▶ [Exercise input]
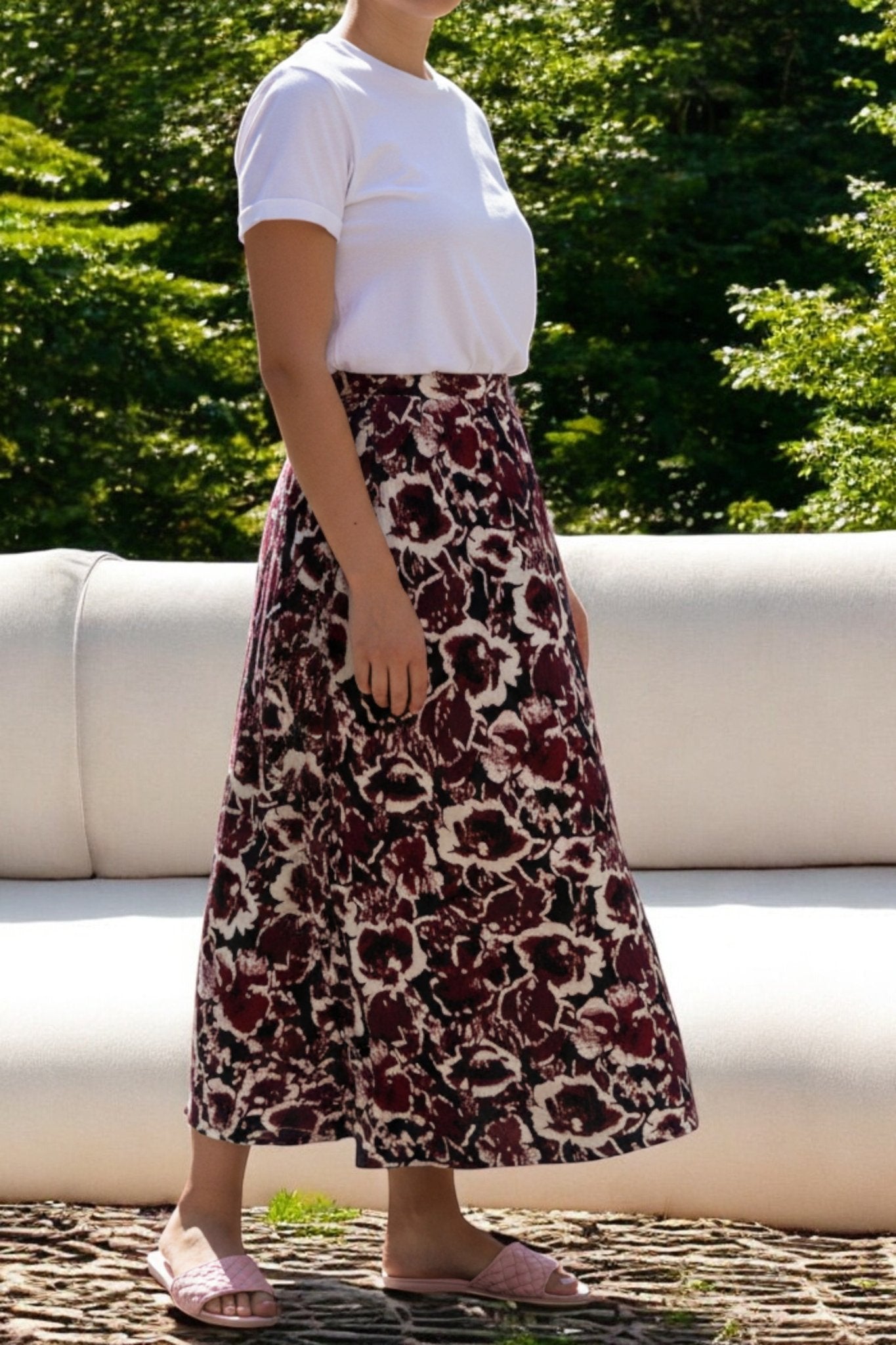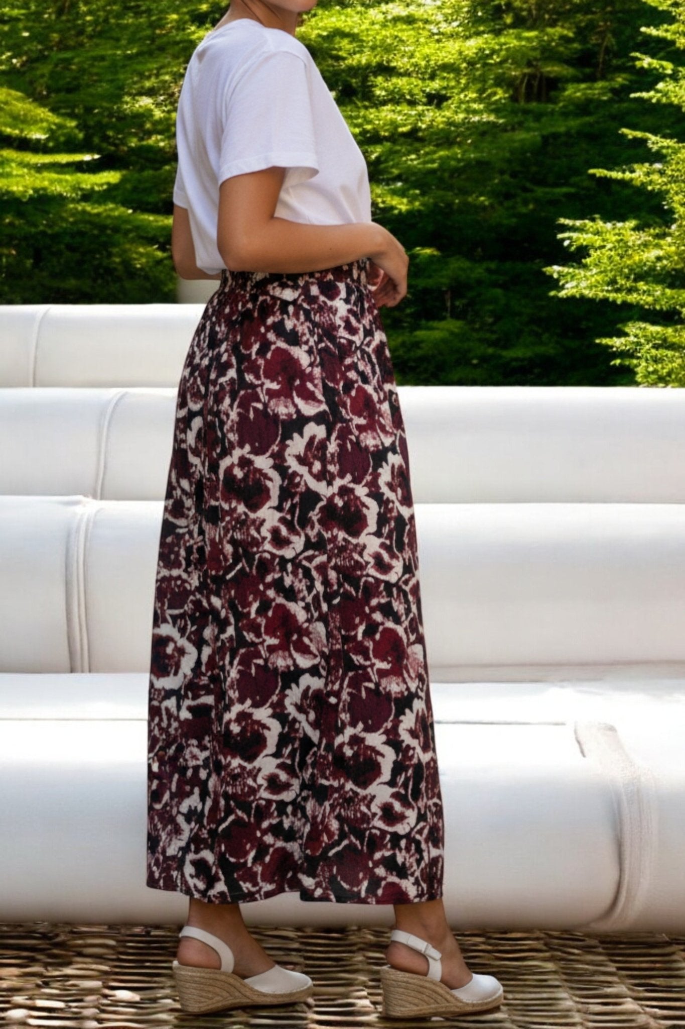 Ladies Elastic Skirt- Maroon Printed
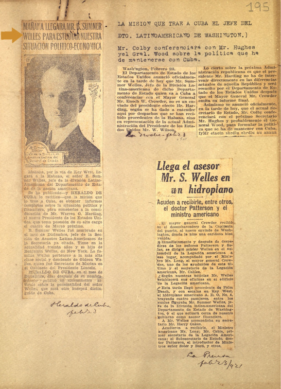 Mañana llegará Mr. B. Sumner Welles para estudiar nuestra situación político-económico.
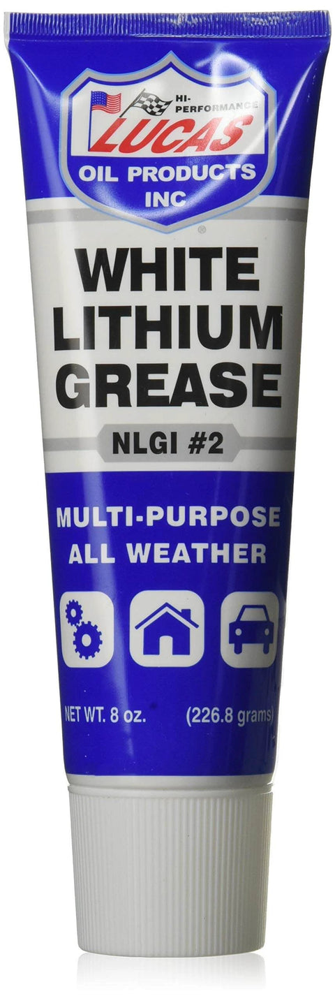Lucas Oil 10533 White Lithium Grease is a premium lubricant designed for hinges, slides, bearings, and other metal fittings in automotive, industrial, and home-shop settings. This 8 oz tube keeps handy for routine lubrication tasks and emergency repairs.
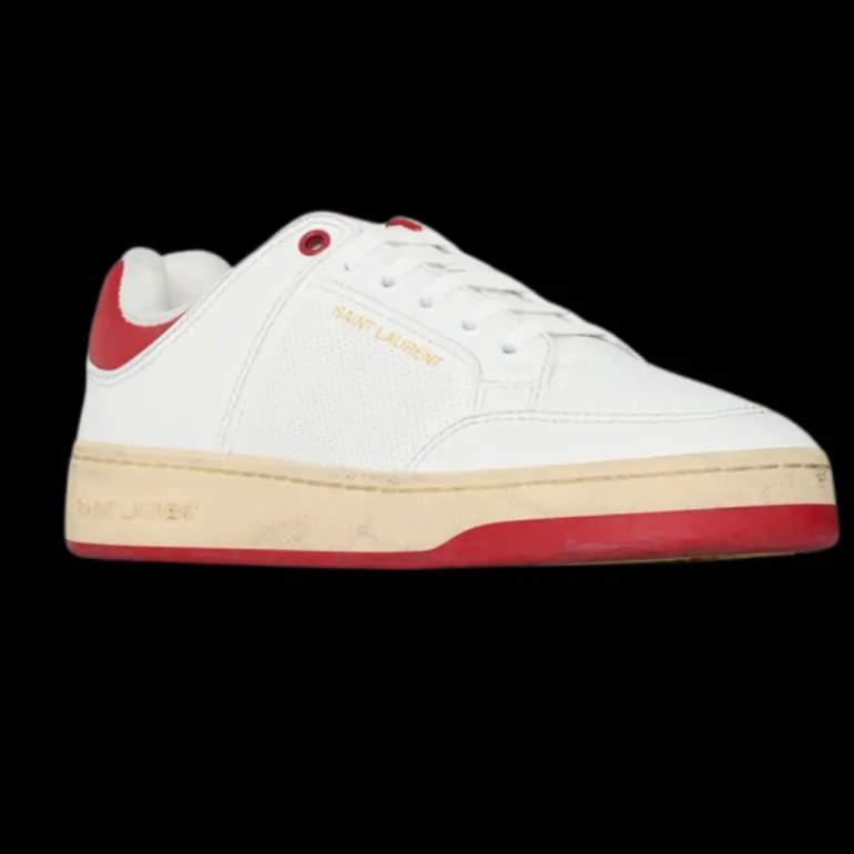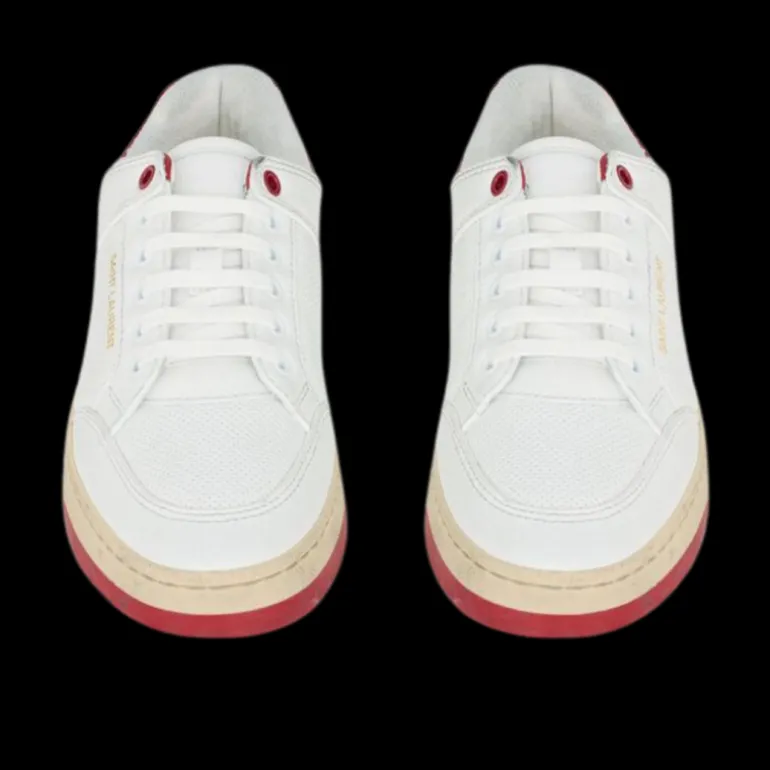 baskets basses SL61 cuir blanc rouge semelle effet usé
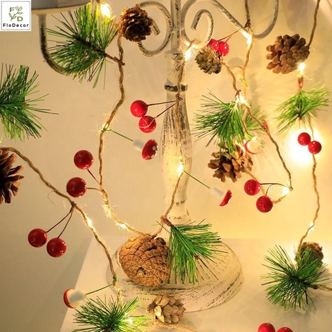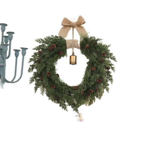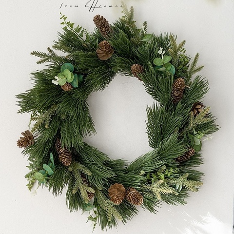 พวงมาลัยตกแต่งขนาด50ซม. พวงหรีดคริสต์มาสประดิษฐ์พร้อมลูกสนธรรมชาติจำลองพวงมาลัยแขวนกลางแจ้ง
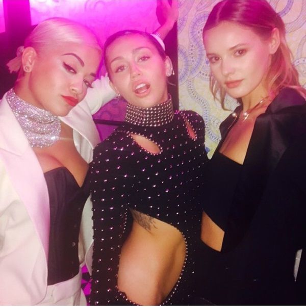 마일리 사이러스는 과감함이 돋보였다. 도트 금속 장식이 박힌 블랙 드레스를 입었다. 목을 덮는 네크라인은 독특했다. 하이라이트는 깊게 파인 허리 컷 아웃 드레스. 속옷을 입지 않아 은밀한 부분이 보일듯 말듯 아찔했다.
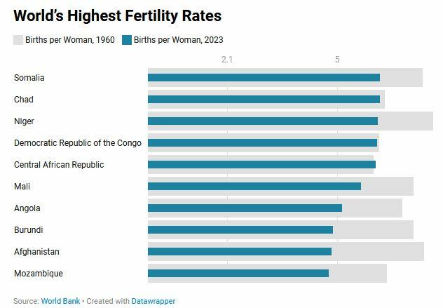 Meanwhile, look at who has the highest fertility rates: Somalia, Chad, Niger, DRC, and other African nations. Only about 4 percent of the world’s population reside in a country with a high fertility rate - more than five children per woman - and all of those nations are in Africa, the Census Bureau noted. Even in those countries, fertility rates are generally lower than they once were.
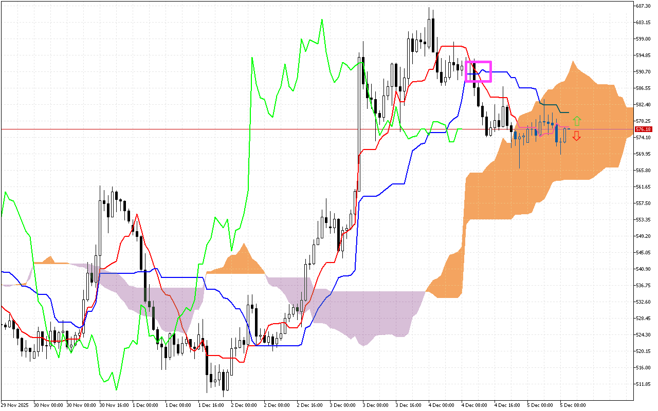Jẹ ki a farabalẹ wo awọn iye lọwọlọwọ ti awọn paati akọkọ ti Atọka Ichimoku lati ṣe ayẹwo ipo ọja lọwọlọwọ:

▶ [Exercise prompt]
Copy only this from above: the line containing "Mañana llegará Mr.", the line containing "마일리 사이러스는 과감함이", and all lines between, printed exactly. Leave out the pictures.

▶ [Your solution]
 Mañana llegará Mr. B. Sumner Welles para estudiar nuestra situación político-económico.
Lucas Oil 10533 White Lithium Grease is a premium lubricant designed for hinges, slides, bearings, and other metal fittings in automotive, industrial, and home-shop settings. This 8 oz tube keeps handy for routine lubrication tasks and emergency repairs.
 baskets basses SL61 cuir blanc rouge semelle effet usé
 พวงมาลัยตกแต่งขนาด50ซม. พวงหรีดคริสต์มาสประดิษฐ์พร้อมลูกสนธรรมชาติจำลองพวงมาลัยแขวนกลางแจ้ง
 마일리 사이러스는 과감함이 돋보였다. 도트 금속 장식이 박힌 블랙 드레스를 입었다. 목을 덮는 네크라인은 독특했다. 하이라이트는 깊게 파인 허리 컷 아웃 드레스. 속옷을 입지 않아 은밀한 부분이 보일듯 말듯 아찔했다.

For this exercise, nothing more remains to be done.